God's Foreknowledge may be incompatible with results turning out otherwise, but not with results being able to turn out otherwise (D52.36). For example, while Jesus knew Peter would deny Him, Peter still had the ability in the moment of the denial to choose not to deny Christ.
How is this possible?
Molina breaks God's knowledge (omniscience) into three types:
"Whoa" - Neo
How everybody feels when they first encounter Molinism as it gives insight to just how infinitely small our understanding of God and subsequently His omniscience really is.
Molina provides further explanation of Molinism in his last disputation (not covered here) - Disputation 53: On Predeterminations, and where the certitude of God's knowledge of future contingents comes from (Parts 1-4).
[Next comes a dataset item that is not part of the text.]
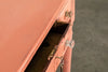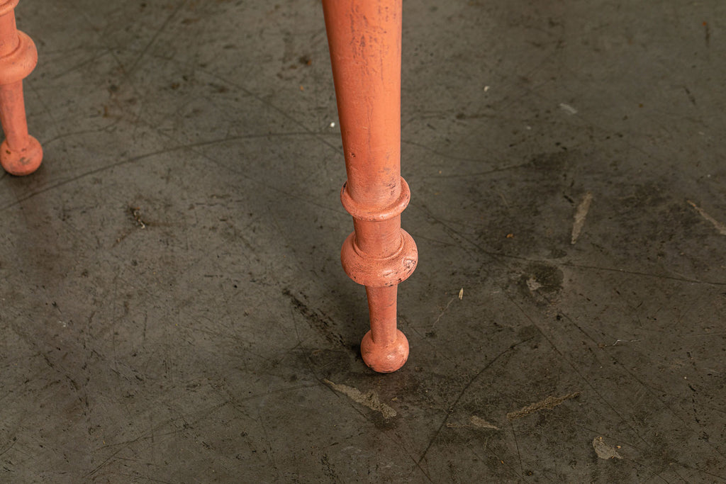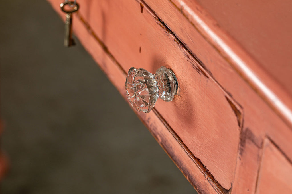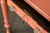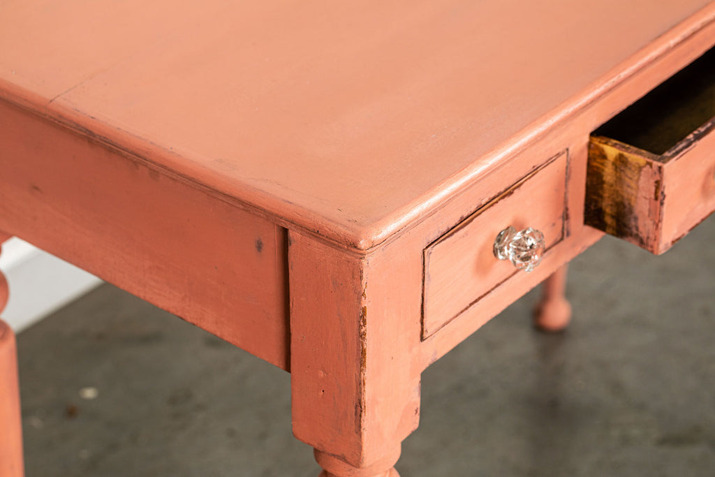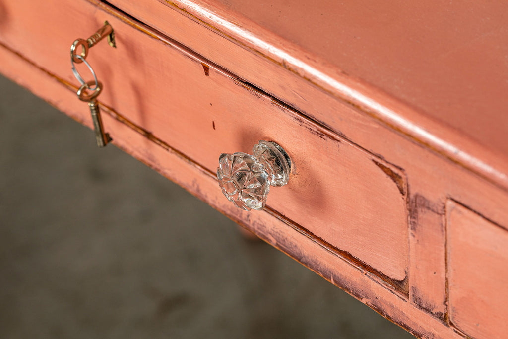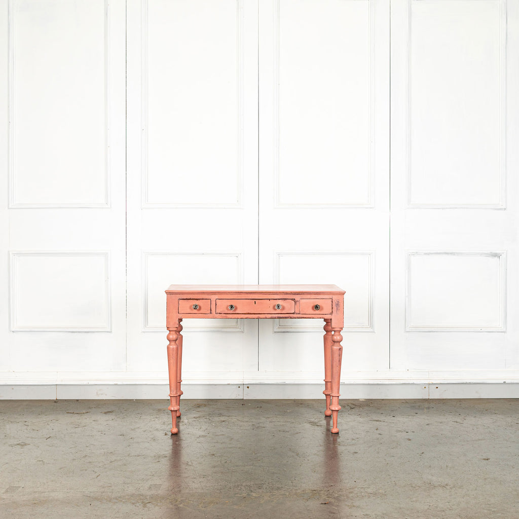 Lovely Victorian mahogany painted side table with three frieze drawers, the central one lock and key, the two flanking drawers with a secret locking mechanism operated from within the central drawer. Decorative glass handles probably later but lovely.

Kenneth Keathley's book Salvation & Sovereignty: A Molinist Appraoch also provides a Molinist understanding of the famed TULIP for modern readers. The impacts of Luis Molina's insights into God's Sovereignty and its compatibility with human free will is remarkable, while doing justice to scripture.
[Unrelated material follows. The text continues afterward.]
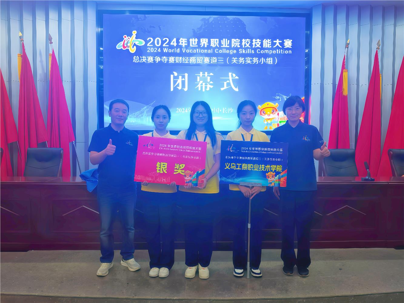 10月28日至31日,2024年世界职业院校技能大赛总决赛争夺赛关务实务赛项在长沙航空职业技术学院举行,共有来自全国56所院校的选手同台竞技。经过激烈角逐,我校外语外贸学院朱简、叶丽芳老师指导的孙羽希、吴星雨、王思佳团队荣获银奖。

So, why has no one ever heard of Molinism? The likely answer is because Molinism is often challenging to explain when compared to Arminianism and Calvinism.
Yet, despite his Scholasticism, Luis Molina explains it best:
Disp 52.29 – For (i) the things that issue forth from our choice or depend on it are not going to happen because they are foreknown by God as going to happen, but, to the contrary, they are foreknown by God as going to happen in this or that way because they are so going to happen by virtue of our freedom of choice – though if they were going to happen in a contrary way, as they are able to, then from eternity they would be foreknown as going to happen in that contrary way instead of in the way they are in fact foreknown as going to happen – and, indeed, (ii) the knowledge by which God knew absolutely that such-and-such things would come to be is not a cause of things, but rather, once the order of things that we see has been posited by free determination of the divine will, then (as Origen and the other Fathers observe) the effects will issue forth from their causes – naturally from natural causes, freely and contingently with respect to both parts from free causes – just as if God had no foreknowledge of future events.
9/5/2014 06:47:43 am
Hello! Excellent summary of Molinism. I am a student, and may have a quasi-molinistic model written up at some point, which you may want to look at. I am appreciative of your work
9/8/2014 06:51:32 am
Glad you found it useful. If you can offer a variation of Molinism that is free from some of the issues of sovereignty & free will that would certainly be an interesting read!